Exercise instructions: Starting with the line with "Faber-Castell Black Edition" in the entries below and going on through the line with "(ΠΑΠΑΡΡΗΓΟΠΟΥΛΟΣ Δ.), Σκέψεις", output every line exactly and nothing more. No pictures.

#### Extracted entries ####

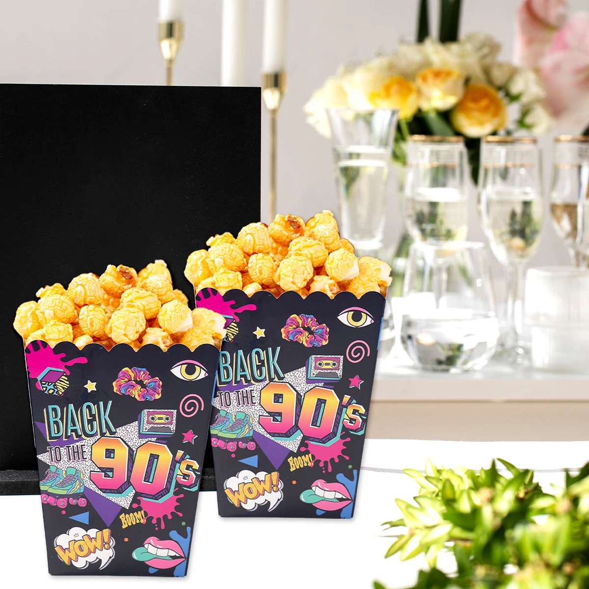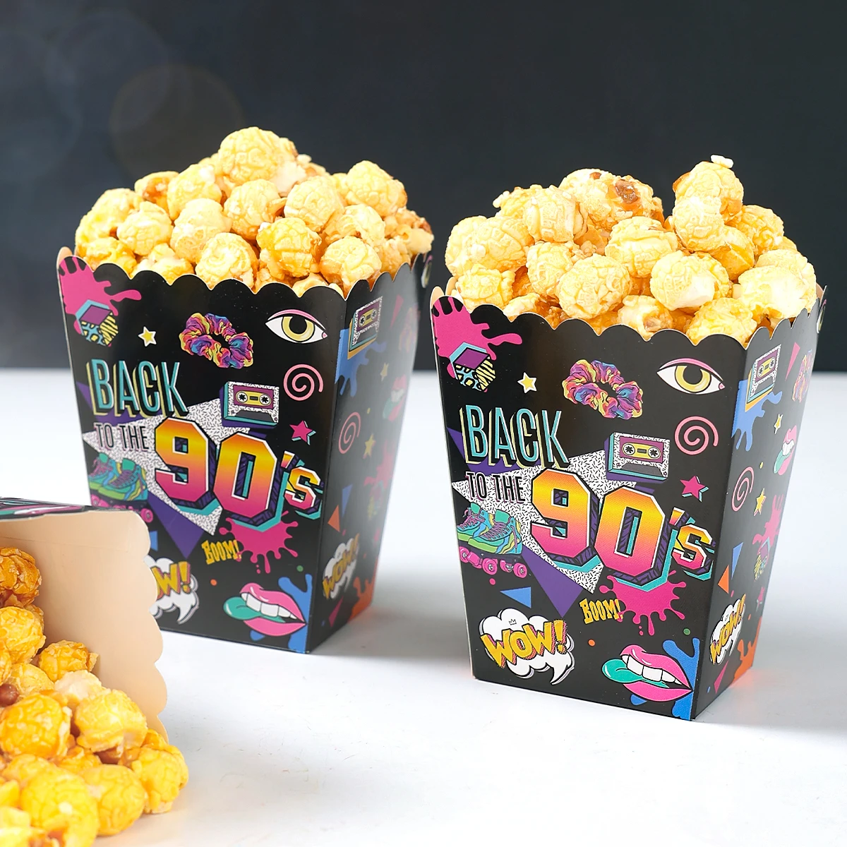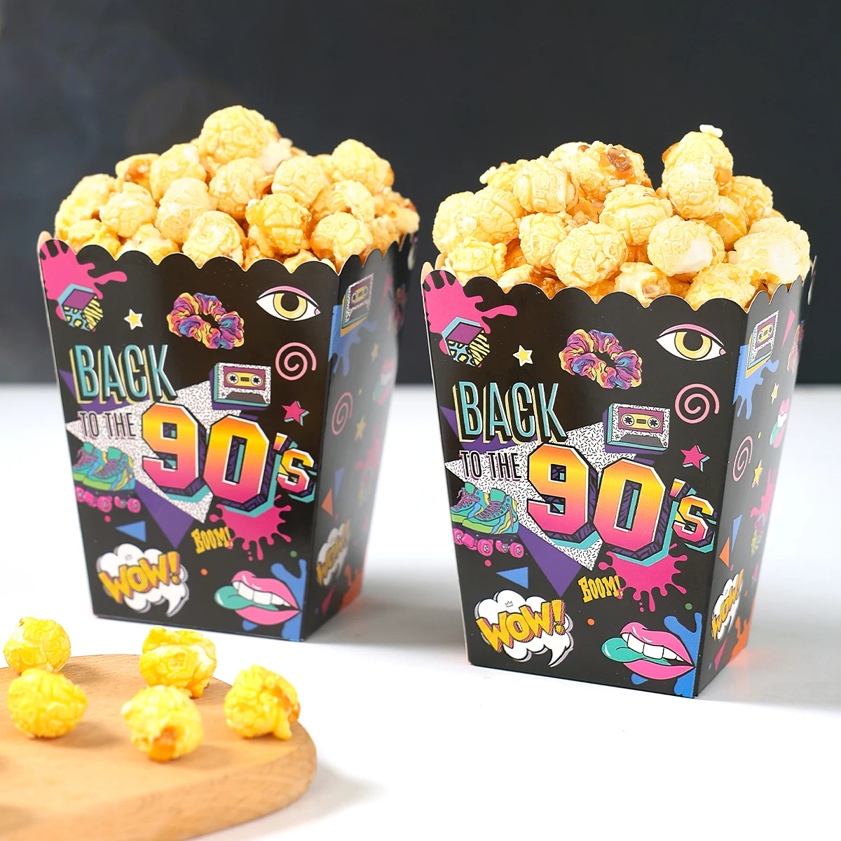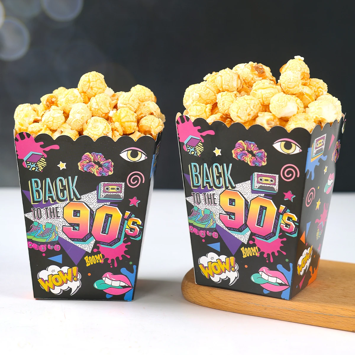 Caixa de pipoca de papel dos anos 80 e 90, decoração de festa de aniversário dos anos 80 e 90, suprimentos para festa de aniversário adulto, lembranças de presente, aniversário
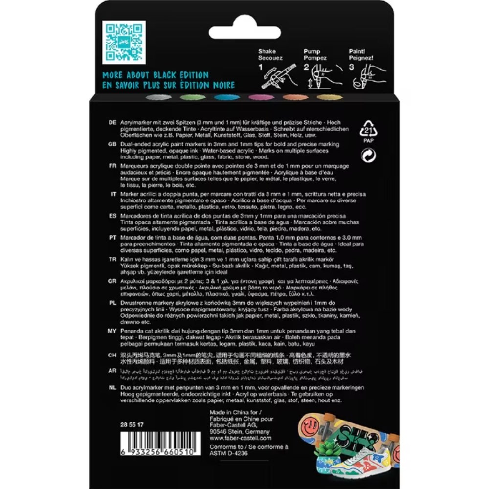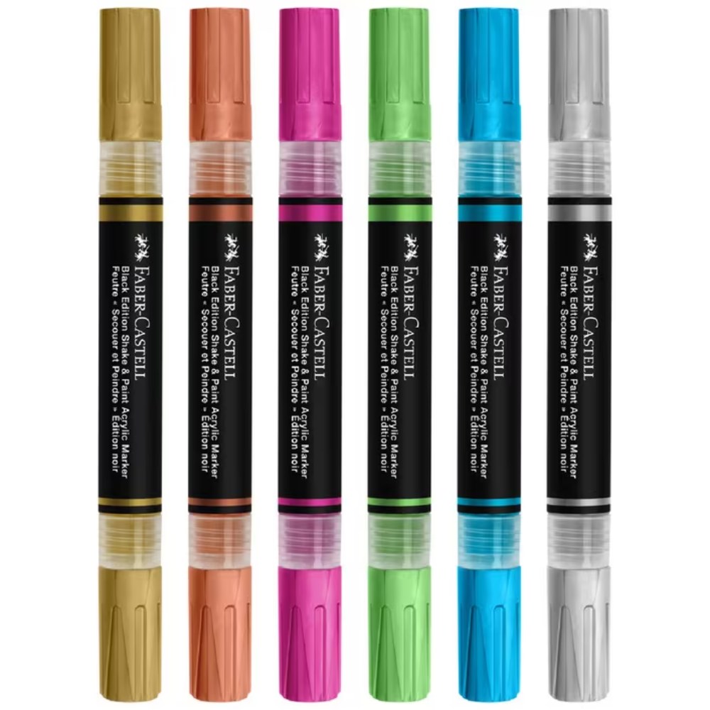 Faber-Castell Black Edition Shake & Paint Markers Bullet Metallic Assorted Set Of 6
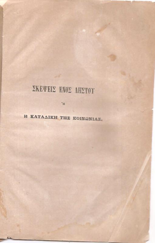 (ΠΑΠΑΡΡΗΓΟΠΟΥΛΟΣ Δ.), Σκέψεις ενός Ληστού ή η καταδίκη της κοινωνίας. Αθήνησι 1861, 8ο,σελ. 28 (ΓΚΙΝΗΣ-ΜΕΞΑΣ αρ. 8853)
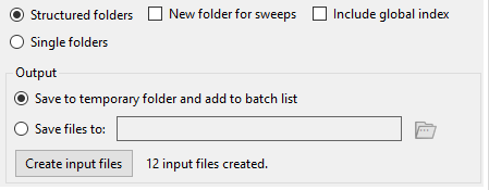 Either the option Single folders or Structured folders can be selected. The first option generates one unique simulation output folder for each input file (ergo, for this example separate 12 folders, see Figure 1.1.15), whereas the structured option generates nested output folders matching the sweep structure. For the structured option a global index can be included which enumerates each sweep (Figure 1.1.16). And/Or a parent folder - for each sweep - can be added (Figure 1.1.17).
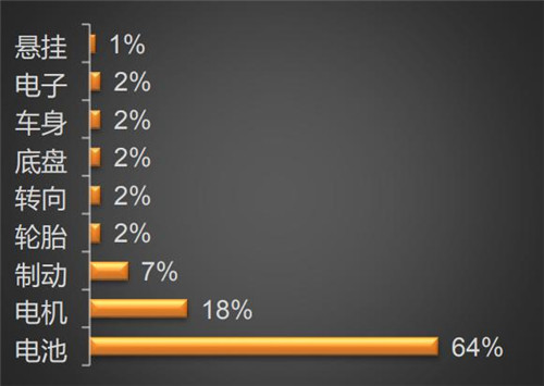 有數(shù)據(jù)顯示,消費者對新能源汽車投訴的質(zhì)量問題主要集中在鋰電池,占比超過一半,高達64%。

####

Task result:
 Faber-Castell Black Edition Shake & Paint Markers Bullet Metallic Assorted Set Of 6
 (ΠΑΠΑΡΡΗΓΟΠΟΥΛΟΣ Δ.), Σκέψεις ενός Ληστού ή η καταδίκη της κοινωνίας. Αθήνησι 1861, 8ο,σελ. 28 (ΓΚΙΝΗΣ-ΜΕΞΑΣ αρ. 8853)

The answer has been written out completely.